*** Opening SOURCE MATERIAL ***

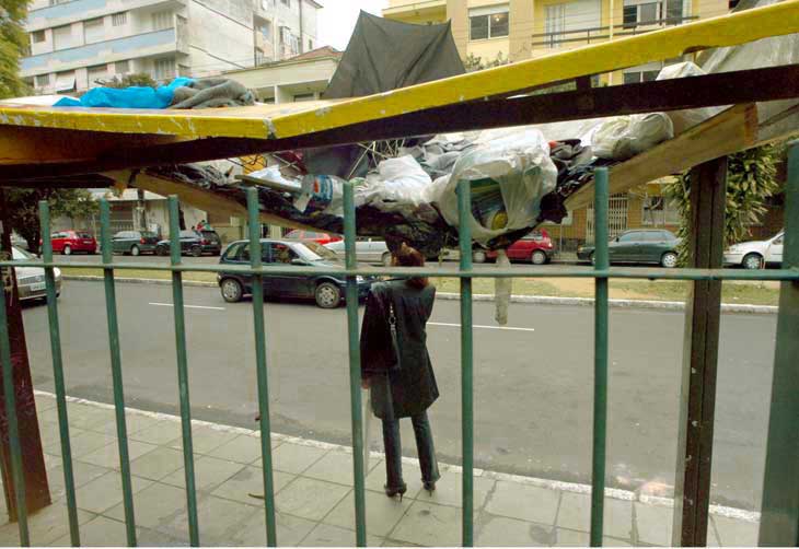 O local usado por um morador de rua para dormir à noite — uma parada de ônibus na Rua Ramiro Barcelos, próximo ao Hospital de Clínicas — ruiu e foi retirada pela EPTC. O teto, prestes a desabar, perturbava os usuários que têm de embarcar nos ônibus do bairro Bom Fim.
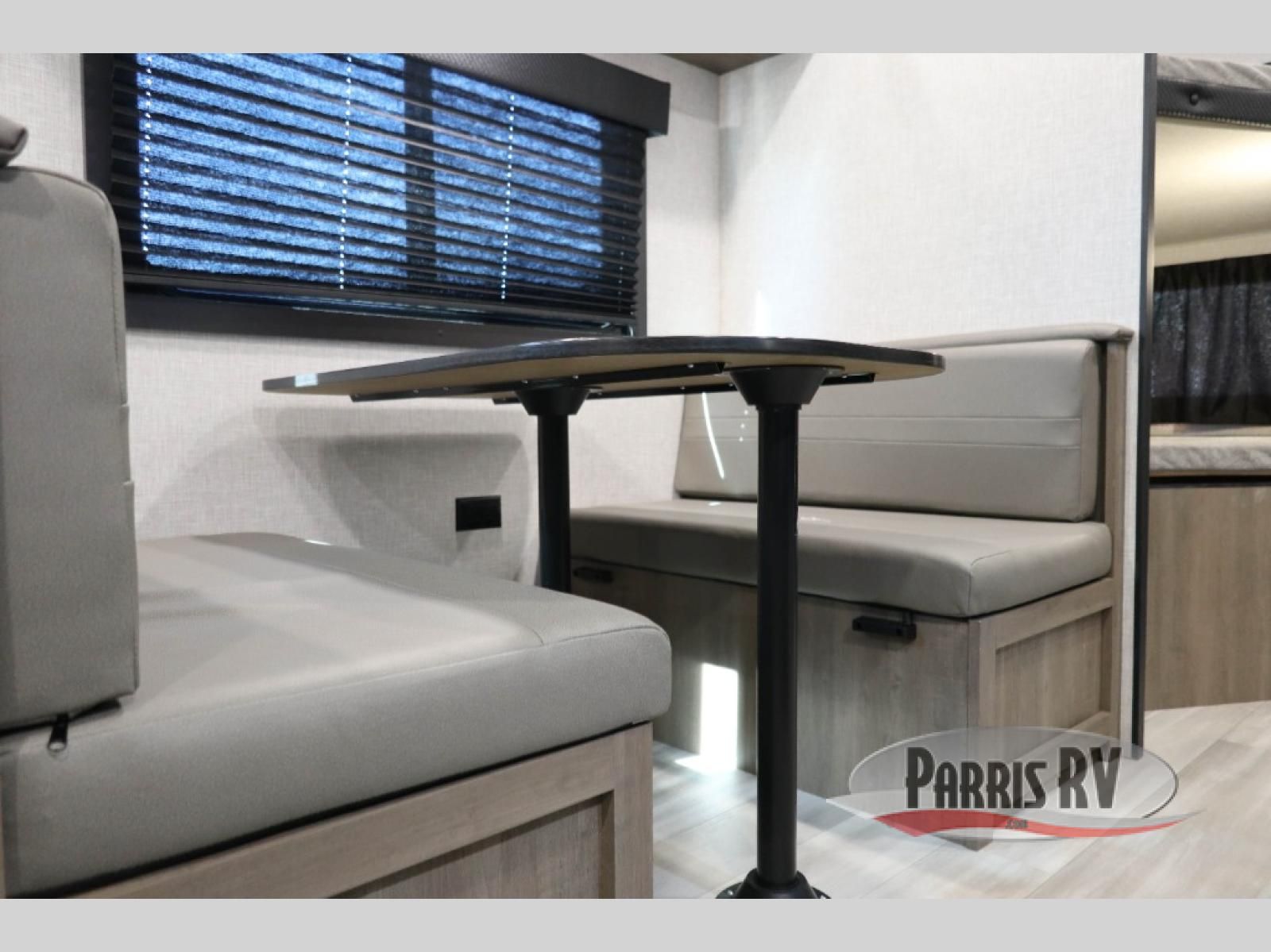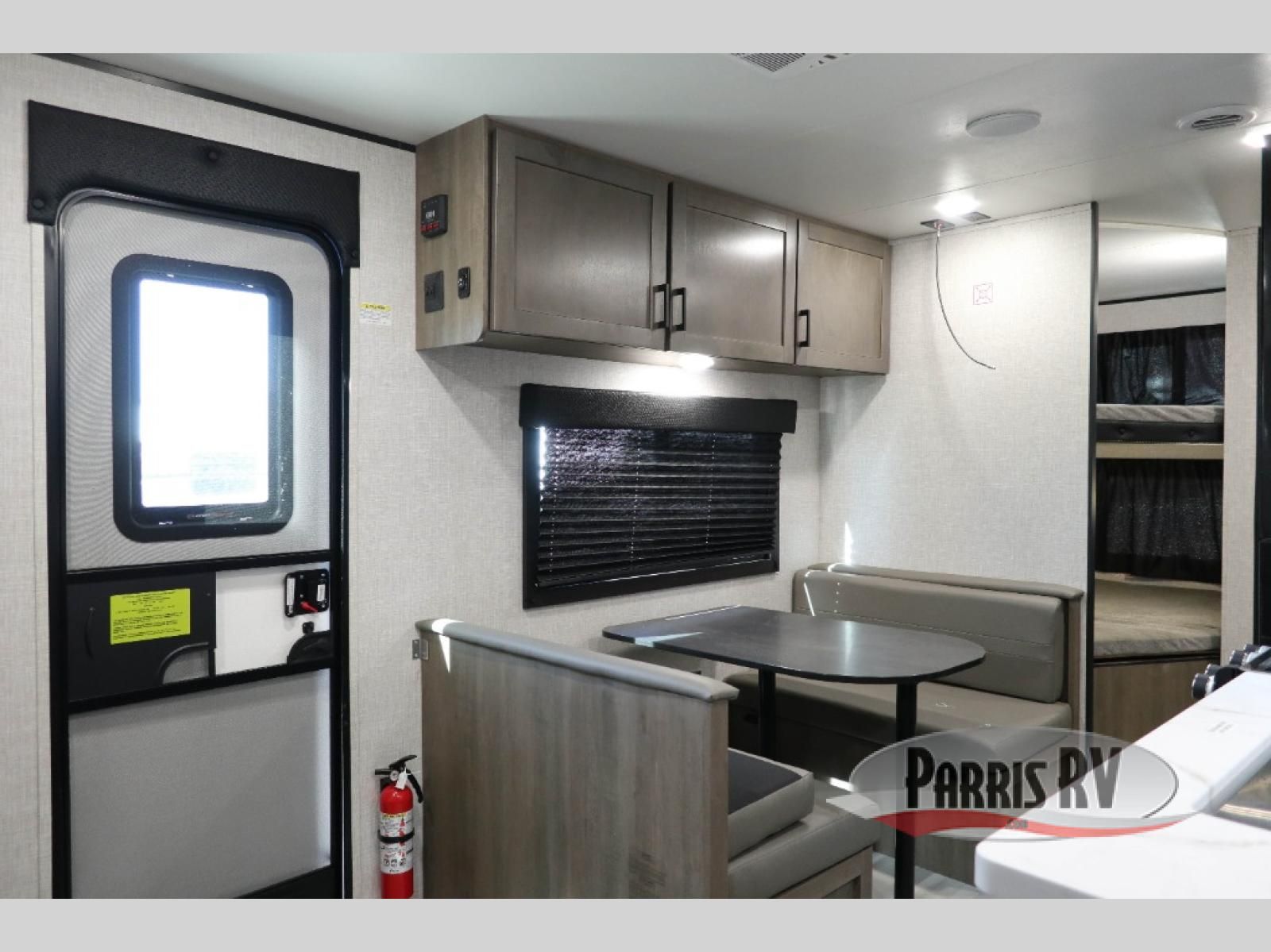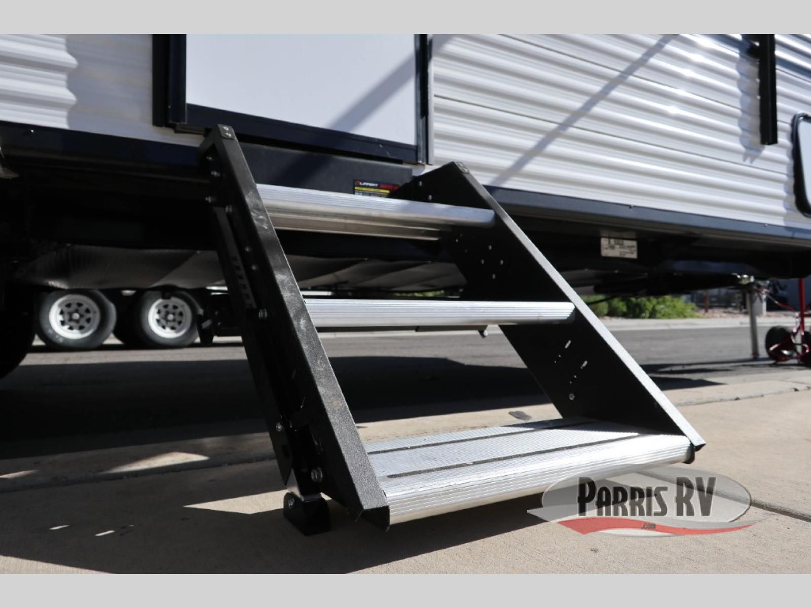 This dual-axle travel trailer can sleep eight people each night, so invite your family or friends along. You will enjoy the private bedroom up front with dual wardrobes to keep your clothes tidy. While the chef of your group is preparing lunch on the three burner cooktop, everyone else can visit on the jack-knife sofa or play a game at the booth dinette. You will also find a large 18' power awning with LED lights outdoors which is where you may usually find everyone. The private bath is right next to the double-size bunks for convenience, and the sink is just outside of this room so two people can freshen up at once.
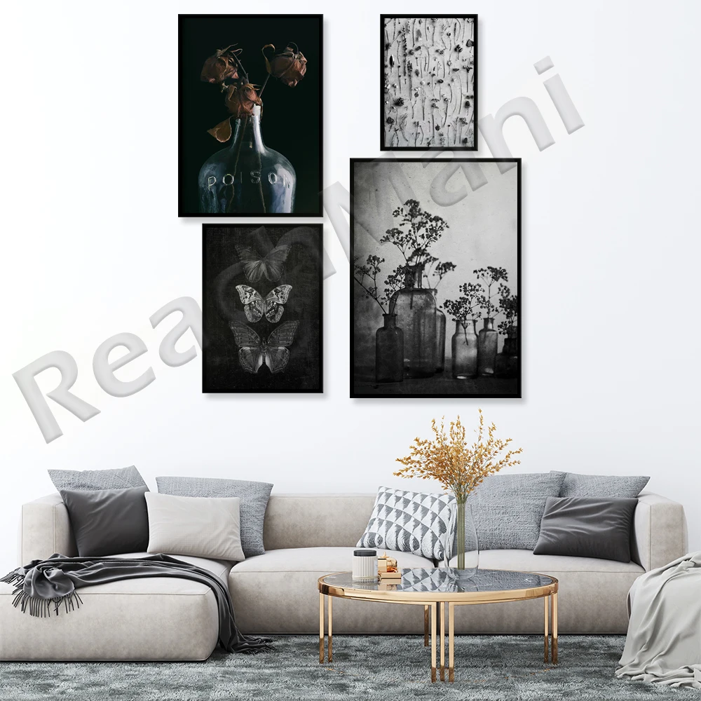 С принтом бабочки, черно-белое искусство, готическое искусство стены, темные принты, Настенный декор, темные ботанические готические принты,
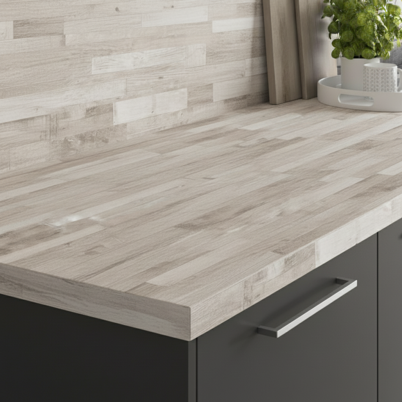 👉 Pracovná doska KRONOSPAN Linen Block Wood / K029 SU je skvelou voľbou pre tých, ktorí hľadajú prirodzený, svetlý a moderný dekor s vysokou odolnosťou a dlhou životnosťou – dokonale ladí s bielymi, šedými aj drevenými kuchyňami.
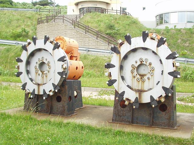 本州側の「基地」です、斜面に「龍飛」の文字、実際に使われた工作機械、青函トンネル記念館
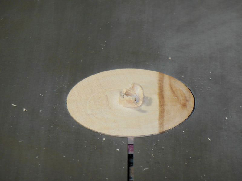 I suggest dousing the top and bottom of the insert with thin CA glue to strengthen the wood (Figure #38).

*** Closing SOURCE MATERIAL ***

WORK REQUIRED:
All lines from the one containing "This dual-axle travel" through the end of the entries above must be given again exactly, with every picture omitted.

PROBLEM SOLUTION:
 This dual-axle travel trailer can sleep eight people each night, so invite your family or friends along. You will enjoy the private bedroom up front with dual wardrobes to keep your clothes tidy. While the chef of your group is preparing lunch on the three burner cooktop, everyone else can visit on the jack-knife sofa or play a game at the booth dinette. You will also find a large 18' power awning with LED lights outdoors which is where you may usually find everyone. The private bath is right next to the double-size bunks for convenience, and the sink is just outside of this room so two people can freshen up at once.
 С принтом бабочки, черно-белое искусство, готическое искусство стены, темные принты, Настенный декор, темные ботанические готические принты,
 👉 Pracovná doska KRONOSPAN Linen Block Wood / K029 SU je skvelou voľbou pre tých, ktorí hľadajú prirodzený, svetlý a moderný dekor s vysokou odolnosťou a dlhou životnosťou – dokonale ladí s bielymi, šedými aj drevenými kuchyňami.
 本州側の「基地」です、斜面に「龍飛」の文字、実際に使われた工作機械、青函トンネル記念館
 I suggest dousing the top and bottom of the insert with thin CA glue to strengthen the wood (Figure #38).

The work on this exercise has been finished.